According to a June 2023 MGMA Stat poll, more than three-quarters (76%) of medical groups surveyed reported negative impacts from drug and drug supply shortages. One practice leader called the problem “a pandemic all its own.”
Shortages of medicines related to a wide variety of conditions, from respiratory and gastrointestinal disorders to cardiovascular and cancer concerns, are impacting patients worldwide. The same is true of medical devices, such as those used in anesthesiology, radiology, dialysis, cardiovascular care, and other specialties.
Recent news stories have kept these shortages in the public consciousness, relating the difficulties and dangers of strained supplies of everything from ADHD medications to oncology drugs. As these disruptions filter down to patients, providers are often forced to make uncomfortable decisions that can sometimes mean the difference between life and death.
These alarming shortages are occurring for a variety of reasons, including increased demand, parts discontinuation, bankruptcy, compliance requirements, rising inflation, the energy crisis, supply chain complexity, manufacturing capacity issues, geopolitical events, natural disasters, race-to-the-bottom pricing strategies, and more. In a complex global economy with many variables, quite a bit can go wrong.
Technology Helps Life Sciences Organizations Improve Supply Chain Resiliency
While certain scenarios may be outside the control of pharmaceutical companies, biotech firms, and medical device manufacturers, life sciences organizations can—and should—be much more proactive when it comes to supply chain resiliency and operational efficiency. The FDA has offered supply chain resiliency guidance, as has the European Medicines Agency (EMA).
Mike Walker, Executive Director, Global Life Sciences Strategy at Microsoft, wrote in a June 2023 Forbes article that “the importance of a well-functioning supply chain has never been more evident than in recent years. A pandemic, geopolitical conflict, increased costs, and uncertain availability have had fundamental implications for pharmaceutical organizations.”
To solve the problem, Walker encourages life sciences organizations to digitalize their operations and embrace technologies such as Artificial Intelligence (AI) to optimize data. “The pharma industry is feeling the pressure of competition from startups and cloud-native disrupters,” he writes. Too many manufacturing sites are using on-premises solutions, which, according to Walker, “tend to be an inhibitor to growth.”
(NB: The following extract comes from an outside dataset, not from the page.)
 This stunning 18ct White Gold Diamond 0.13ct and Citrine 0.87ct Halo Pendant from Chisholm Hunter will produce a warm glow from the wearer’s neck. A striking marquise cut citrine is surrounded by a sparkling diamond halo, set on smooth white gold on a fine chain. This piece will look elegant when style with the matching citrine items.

By organizing data with a cloud-based Enterprise Resource Planning (ERP) system, organizations can start using AI to streamline workflows, solve problems proactively, and mitigate risk. “An AI-driven approach to planning ensures visibility of supply chain activity but also allows for the prediction of future events,” according to Walker. “This all starts with creating a data strategy that directly addresses data availability, access, and quality and leveraging technology to eliminate unstructured and manual data entry.”
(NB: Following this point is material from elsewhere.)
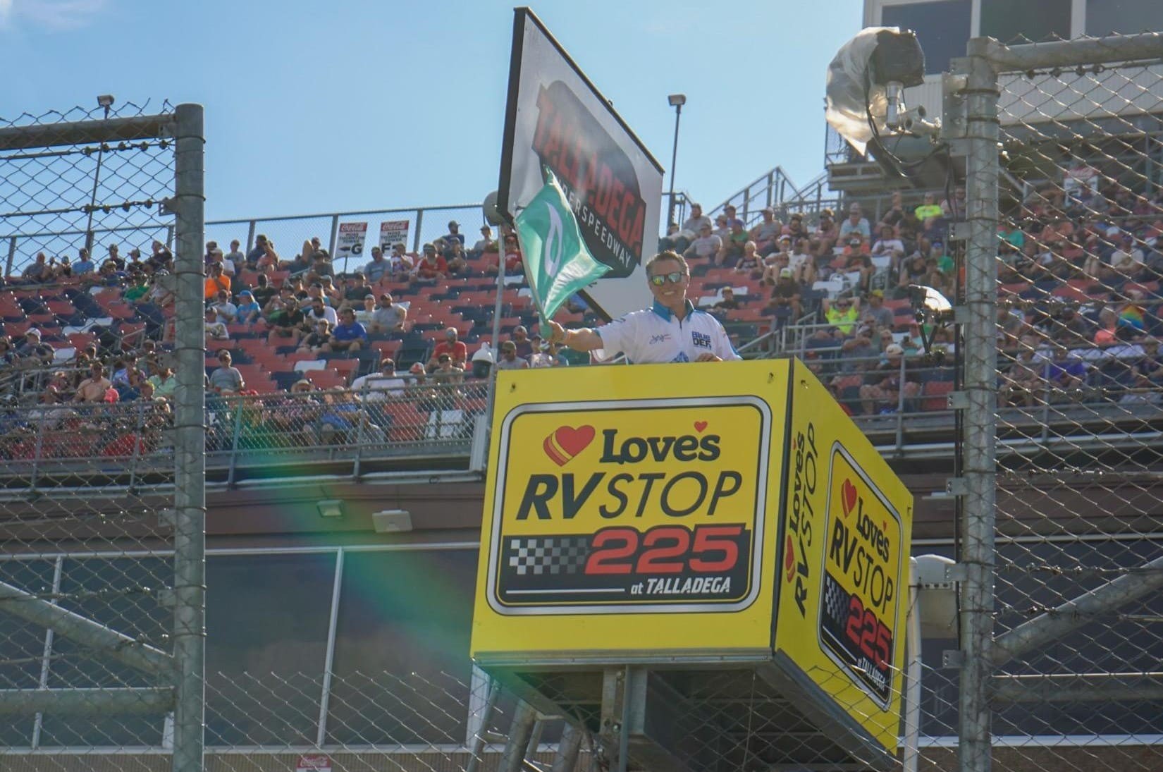 The 23rd of 25 races in the 2025 NASCAR CRAFTSMAN Truck Series took place at the Talladega Superspeedway this last Friday. The 90-lap race was kicked off by OWI's own Greg Noethlich, the honorary starter for the race, who waved the green flag and cheered on the PEAK/Love's #34 Truck, driven by Layne Riggs.

While AI can automate many mundane tasks, its real power lies in extracting insights from disparate data sources that are beyond human perception. With human oversight, these insights can be used to solve problems and drive growth.
By organizing data with a cloud-based Enterprise Resource Planning
(ERP) system, organizations can start using AI to streamline workflows, solve problems proactively, and mitigate risk.
Walker asserts that generative AI can help pharmaceutical companies forecast demand more accurately, improve inventory management, reduce lead times, and optimize production processes.
His vision of the future of life sciences manufacturing also includes business composability, digital twins, augmented reality, virtual reality, and mixed reality technologies, and lights-out factories that can reduce costs by 15%–30%, manpower by 50%–70%, power consumption by 40%, and product deviation by 50%.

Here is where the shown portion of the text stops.